WHAT IS REQUIRED: For the material below, the expected output is exactly the lines between the line holding "根据公告显示,农行金科的的业" and the line holding "STAR·U星優品牌店 蒸鍋 蒸籠鍋", inclusive, with pictures left out.

RECORDS PROVIDED:
= Beginning of Section =

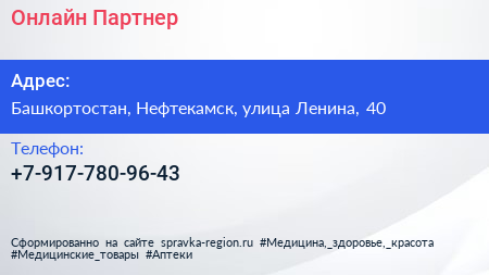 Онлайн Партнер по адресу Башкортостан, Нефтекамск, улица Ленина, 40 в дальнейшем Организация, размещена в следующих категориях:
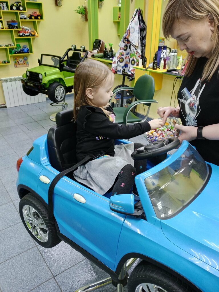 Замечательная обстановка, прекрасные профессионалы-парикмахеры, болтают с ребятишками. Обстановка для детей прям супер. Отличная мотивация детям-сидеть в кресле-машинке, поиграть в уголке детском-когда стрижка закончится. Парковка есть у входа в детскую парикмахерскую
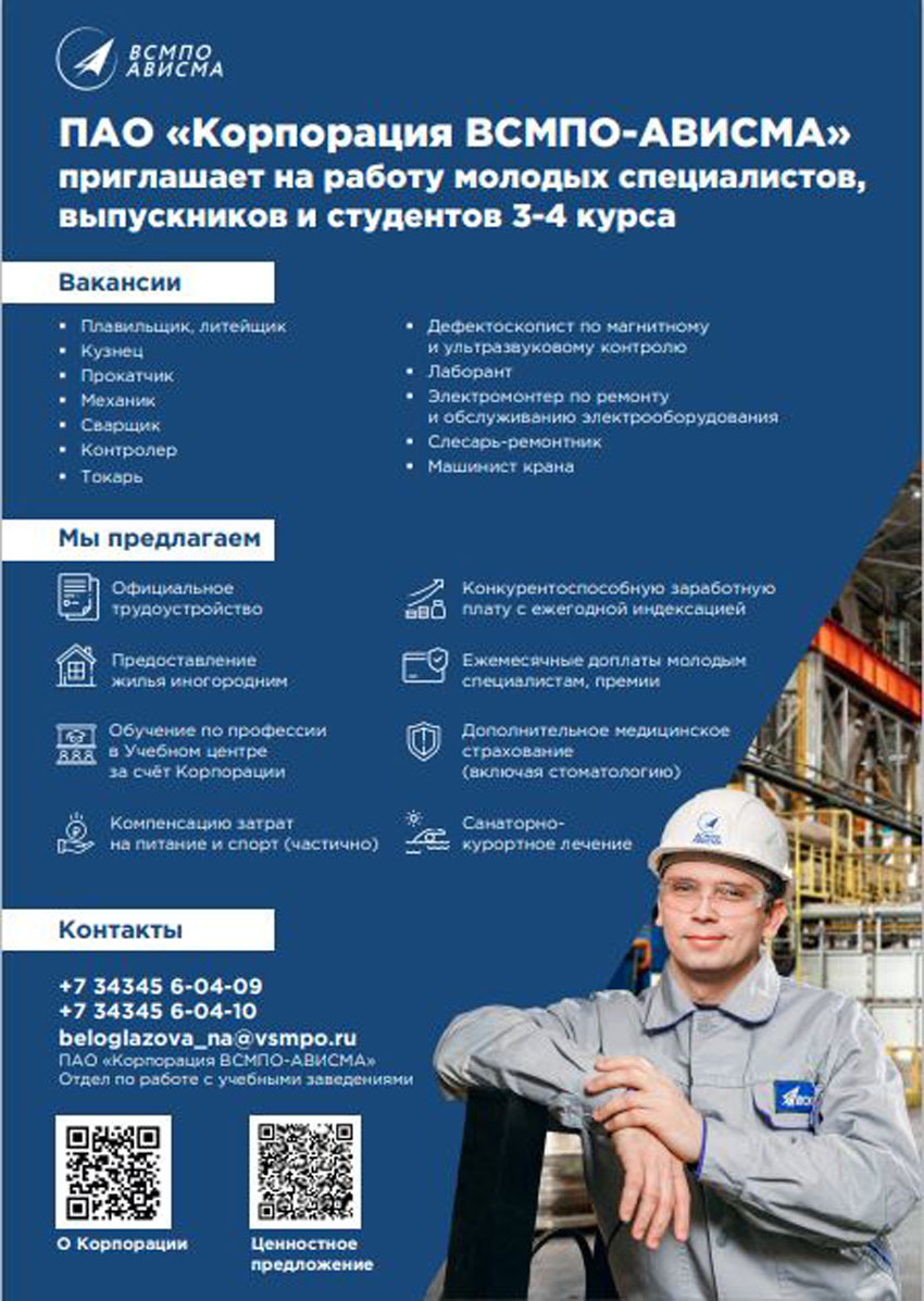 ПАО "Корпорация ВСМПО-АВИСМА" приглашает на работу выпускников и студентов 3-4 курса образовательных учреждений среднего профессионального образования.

= End of Section =
= Beginning of Section =

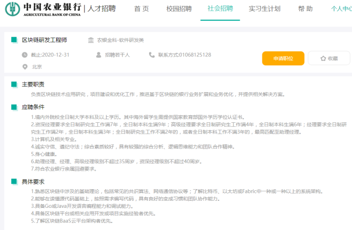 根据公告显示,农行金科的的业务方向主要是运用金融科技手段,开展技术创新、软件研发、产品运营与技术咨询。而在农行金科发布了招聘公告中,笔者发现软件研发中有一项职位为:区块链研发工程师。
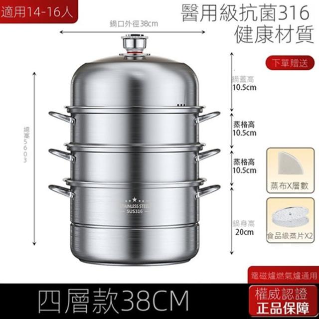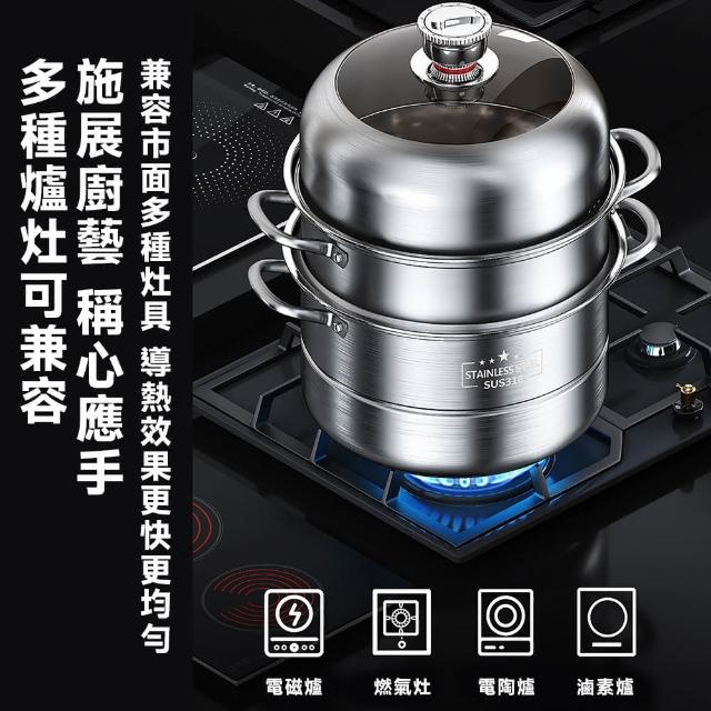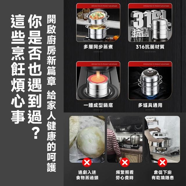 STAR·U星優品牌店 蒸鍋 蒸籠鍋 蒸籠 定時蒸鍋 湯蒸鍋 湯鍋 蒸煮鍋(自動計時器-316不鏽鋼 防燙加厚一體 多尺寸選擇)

= End of Section =

EXERCISE OUTPUT:
 根据公告显示,农行金科的的业务方向主要是运用金融科技手段,开展技术创新、软件研发、产品运营与技术咨询。而在农行金科发布了招聘公告中,笔者发现软件研发中有一项职位为:区块链研发工程师。
 STAR·U星優品牌店 蒸鍋 蒸籠鍋 蒸籠 定時蒸鍋 湯蒸鍋 湯鍋 蒸煮鍋(自動計時器-316不鏽鋼 防燙加厚一體 多尺寸選擇)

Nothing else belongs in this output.